FedEx’s new service is delivering Rent the Runway in under 24 hours in New York City as the race for lightning-fast deliveries tightens

Rent the Runway’s clothing rental and subscription service carries hundreds of thousands of designers pieces that its nine million subscribers can peruse and get shipped to their home.

The process to get those pieces — particularly for subscribers with an “unlimited” membership — to a customer’s doorstep and back to the warehouse to later arrive on yet another doorstep is logistically complicated. That’s why Jennifer Hyman, Rent the Runway’s co-founder and CEO, has said the company is as much as logistics company as a retailer.

Read more: It’s becoming clearer than ever that Amazon is developing a third-party logistics service to edge out FedEx and UPS now that Stamps.com has dumped the USPS

“We’re in the business of inbound logistics,” Hyman told Business of Fashion. “Most e-commerce companies focus on outbound logistics. How quickly can I get this product to the customer? In our business, we focus on how quickly can I get this product back from the customer, make sure that it’s perfect and ship it out to the next customer.”

Rent the Runway’s logistics operations is so robust that Hyman said other retailers have contacted her to map out their own clothing subscription services.

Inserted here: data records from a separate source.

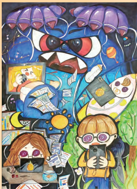
已連“線” / 多三仁 羅千宜

生活在這個資訊科技發達的時代，無論年齡大家都人手一台 3C 產品，不知不覺網路世界牽引了無數條線在每個人身上，讓大家逐漸忽略周圍美好的風景與事物，陷入網路的魔掌，你也連線了嗎？
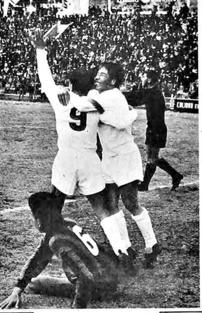
GOL DE "31" Centro de Quintero, tras rápida acción golpe de cabeza de Gutiérrez y segundo gol de 31 de Octubre consolidando la victoria de los albos. Júbilo tras la conquista.
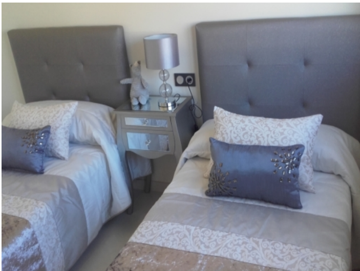
Schlafzimmer mit 2 Einzelbetten
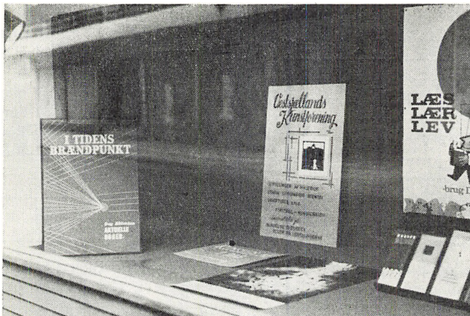
Foreningernes vindue i Bredegade

Biblioteket har i de forløbne to år haft et omfattende samarbejde med byens foreninger og oplysningsforbund og har i fællesskab med disse afholdt en række arrangementer. Fra 20. april 1967 til 31. marts 1969 har biblioteket disponeret over et par udstillingslokaler i Bredegade 11. Desværre kunne lejemålet ikke videreføres efter 1. april 1969, men i den forløbne periode har lokalerne været flittigt benyttet, især i samarbejde med Vestsjællands Kunstforening. I tilknytning til udstillingslokalet var der et vindue, foreningernes vindue, ud mod Bredegade, som har været brugt som blikfang, således at biblioteket har disponeret over den ene halvdel, og forskellige foreninger på skift over den anden.
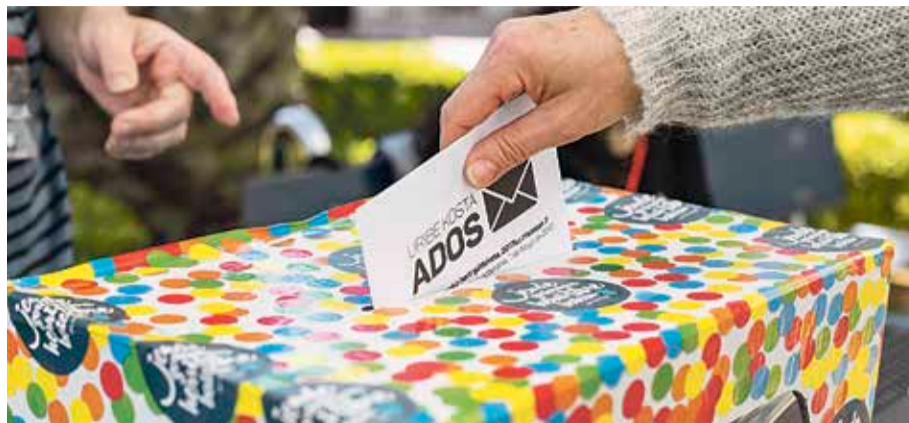
Azaroaren 5ean egingo dute herri-galdeketa eskualdeko hainbat herritan.

Rent the Runway has another logistics tool in New York City

Now, Rent the Runway is using FedEx’s newest service offering — FedEx Extra Hours.

The months-old service pushes the evening order cutoff times by five to eight hours. Online orders placed as late as 2 a.m. can deliver the next day in certain metro areas, or within two days to addresses in the continental US.

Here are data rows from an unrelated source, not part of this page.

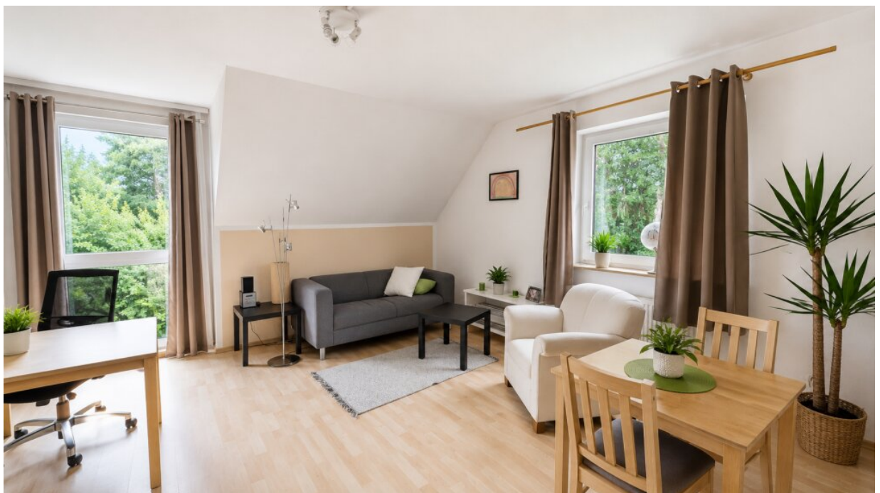
OG Zimmer links mit 2 Fenstern
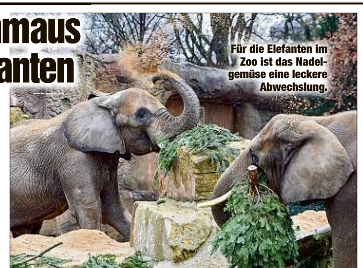
Für die Elefanten im Zoo ist das Nadelgemüse eine leckere Abwechslung.

Gestern gab es lecker WTC-Tanne für die Elis im Zoo. Das Mega-Bäumchen war zuvor in „handliche“ Stücke zerlegt worden. Drumbo, Mogli und Callboy Tembo ließen es sich auch sogleich schmecken. Nur Sawu zog bei dem schlechten Wetter das Heu im Afrikahaus vor.
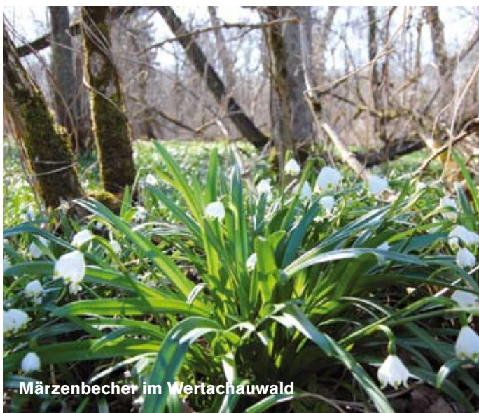
Märzenbecher im Wertachauwald
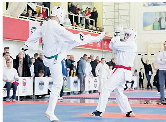
Атака против защиты. Чья возьмет?

Около двух сотен участников из клубов Ульяновска, Цильнинского, Чердаклинского, Инзенского, Базарно-сызганского, Карсунского и Ульяновского районов оспаривали медали в разделе «Поединки со средствами защиты» (СЗ). В программе чемпионата высшие награды девяти весовых категорий распределились между бойцами шести клубов.
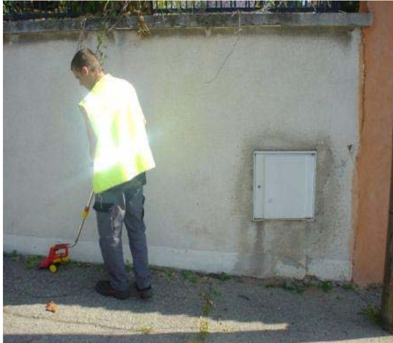
Coupe Bordure expérimenté à Net4 Système électrique rechargeable
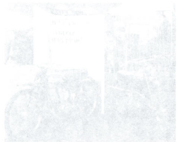
18) I ställning med två Rusch Sport 50-er
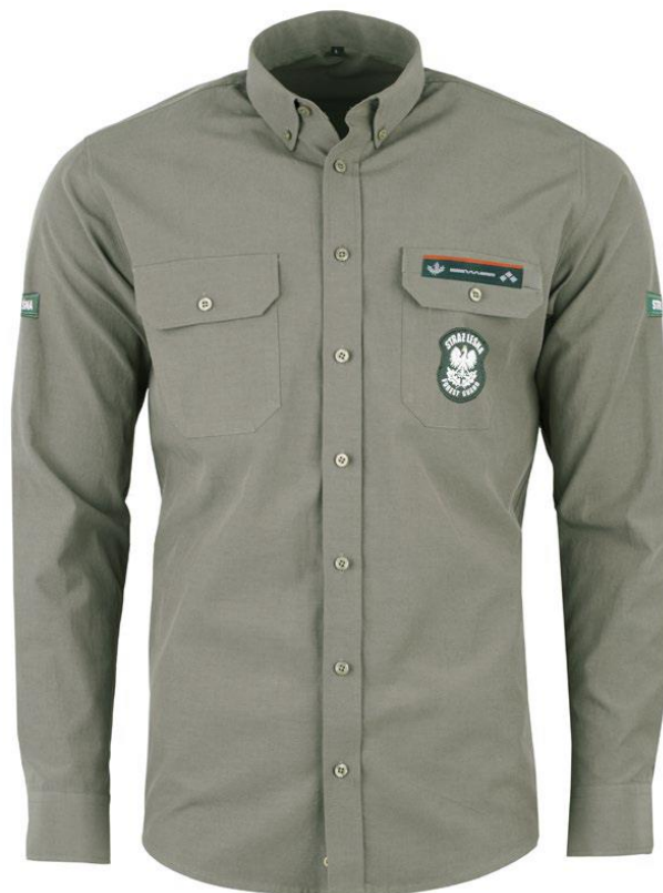
Koszule robocze krótki i długi rękaw
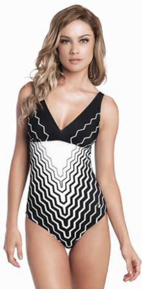
Rita: 238-3302 * Tam: 40 ao 60
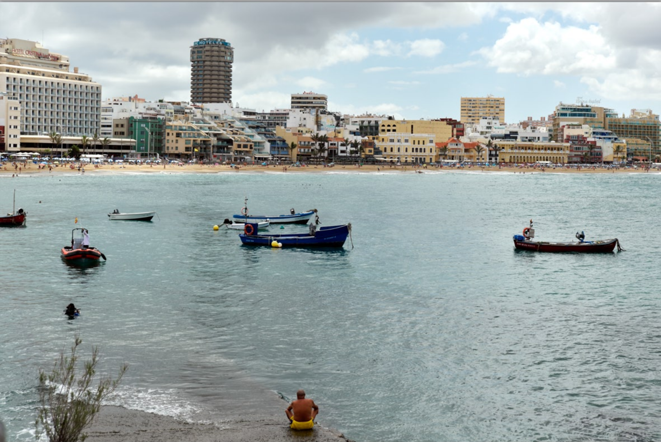
LAS PALMAS - Santa Catalina #Playa de Las Canteras (Strand & Promenade)
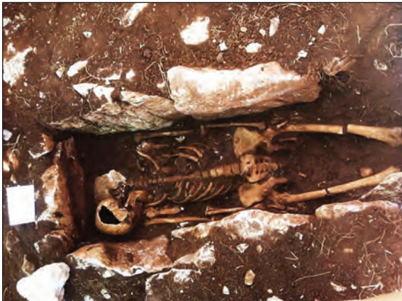
Sl. 15. Slike grobova 15 i 16
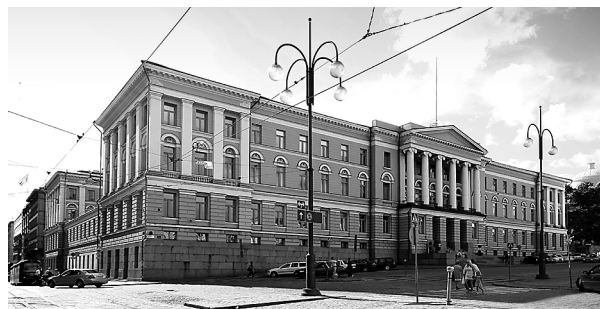
Ryc. 9. Uniwersytet. Helsinki. C.L. Engel, 1828-1832 Fig. 9. The University. Helsinki. C.L. Engel, 1828-1832
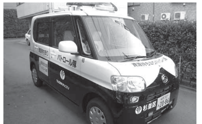
▲資源持ち去り監視パトロール車
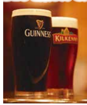
▲クリーミーな泡まで旨い!本場樽生ビール「ギネス」と「キルケニー」。1パイント各900円/1/2パイント各580円
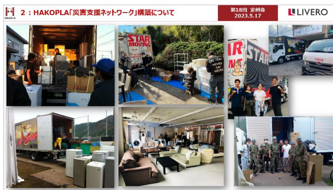
※HAKOPLA 幹事会社「スター引越センター」の活動事例

このマップは、災害時における迅速な対応や被災者のサポートに貢献することを目的としており、以下のような情報を提供しています。
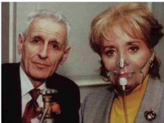
El 11 de marzo de 1993, la periodista Barbara Walters posa con el Dr. Kevorkian y un dispositivo similar al que usaba para su método de eutanasia.
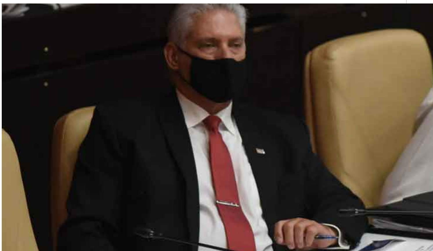
Díaz-Canel a nuevos diputados, es un honor servir a Cuba

La Habana, 26 oct (PL).- El presidente de Cuba, Miguel Díaz-Canel, dijo hoy que es un honor servir a la patria en momentos tan complejos y retadores, durante el acto de juramentación de los nuevos diputados al Parlamento.
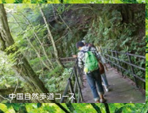
中国自然歩道コース

智頭町での森林セラピーの特長は、降雨・降雪の多い気候が育んだ深い緑の森と豊富な清流とが織りなす渓谷美を同時に体感できることです。また、智頭町の森林セラピーロードを代表する芦津渓谷は、西日本屈指の渓流で天然杉と広葉樹の混交林が四季を通して美しく、中国自然歩道から三滝ダム周辺を巡り、さらに源流域の渓谷へと続き、それぞれ異なる表情を魅せる3つのコースが設定されています。
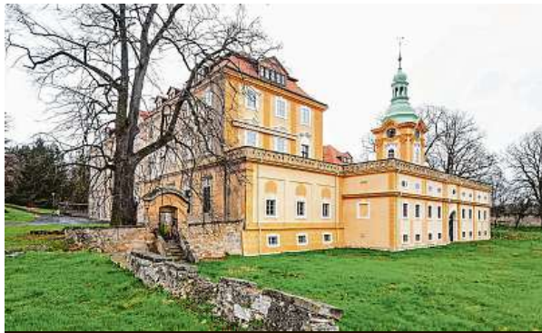
Zámek byl sídlem továrníka Josefa Schrolla.

Iniciativa Prázdné domy eviduje opuštěné objekty v Česku. Podle databáze iniciativy je takových domů, pomine-li Prahu, nejvíce na severu Čech. V Teplících a Duchcově je shodně 54 prázdných domů. Třetí obcí v tomto žebříčku je Ústí nad Labem (48 prázdných domů).

“Retailers love it,” Kevin Sterling, managing director of Seaport Global Securities, previously told Business Insider. “They used Extra Hours during peak season, and they were able to sell it as, ‘Hey, look, we’re better than Amazon Prime.'”

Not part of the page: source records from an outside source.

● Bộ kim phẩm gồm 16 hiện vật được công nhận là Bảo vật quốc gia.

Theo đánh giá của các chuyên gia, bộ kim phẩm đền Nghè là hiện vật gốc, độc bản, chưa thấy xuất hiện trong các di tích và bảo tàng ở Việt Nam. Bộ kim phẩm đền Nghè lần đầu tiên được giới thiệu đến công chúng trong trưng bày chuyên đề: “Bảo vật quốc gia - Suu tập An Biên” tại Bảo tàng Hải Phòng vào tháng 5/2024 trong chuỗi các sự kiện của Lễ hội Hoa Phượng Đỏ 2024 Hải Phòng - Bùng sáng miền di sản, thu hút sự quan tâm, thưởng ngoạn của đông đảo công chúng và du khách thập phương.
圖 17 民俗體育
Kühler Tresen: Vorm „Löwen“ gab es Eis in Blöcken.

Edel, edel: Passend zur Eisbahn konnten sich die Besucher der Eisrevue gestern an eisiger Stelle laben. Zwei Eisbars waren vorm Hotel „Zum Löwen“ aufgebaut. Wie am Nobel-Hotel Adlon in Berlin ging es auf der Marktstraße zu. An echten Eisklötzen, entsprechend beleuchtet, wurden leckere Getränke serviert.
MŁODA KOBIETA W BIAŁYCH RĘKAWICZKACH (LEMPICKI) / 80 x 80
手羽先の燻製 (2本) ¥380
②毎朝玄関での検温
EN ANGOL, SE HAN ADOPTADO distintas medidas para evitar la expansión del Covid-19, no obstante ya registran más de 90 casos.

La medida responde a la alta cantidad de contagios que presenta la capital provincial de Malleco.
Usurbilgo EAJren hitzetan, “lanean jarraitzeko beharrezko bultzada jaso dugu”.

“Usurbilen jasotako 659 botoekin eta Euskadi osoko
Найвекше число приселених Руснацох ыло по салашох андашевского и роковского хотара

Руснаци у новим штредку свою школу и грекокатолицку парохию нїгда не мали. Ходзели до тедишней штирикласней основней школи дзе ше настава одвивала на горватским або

Read more: FedEx’s new service delivers online orders hours after they’re placed — and it shows that Amazon Prime isn’t special anymore

Now, New York City and New Jersey metro customers can place an order in the afternoon and have their subscription arrive the next day by mid-afternoon, or earlier. The orders previously arrived at the end of the very next day.

Shaving a few hours off delivery times may not seem like much. But it shows how tight the race for e-commerce has gotten — particularly as more folks rely on subscription clothes as their main wardrobe offerings.

“As our subscription business has continued to grow, we’re serving more and more women every day and our most engaged subscription members are now wearing rented clothing 120 days per year,” RTR’s Chief Supply Officer Marv Cunningham told Business Insider.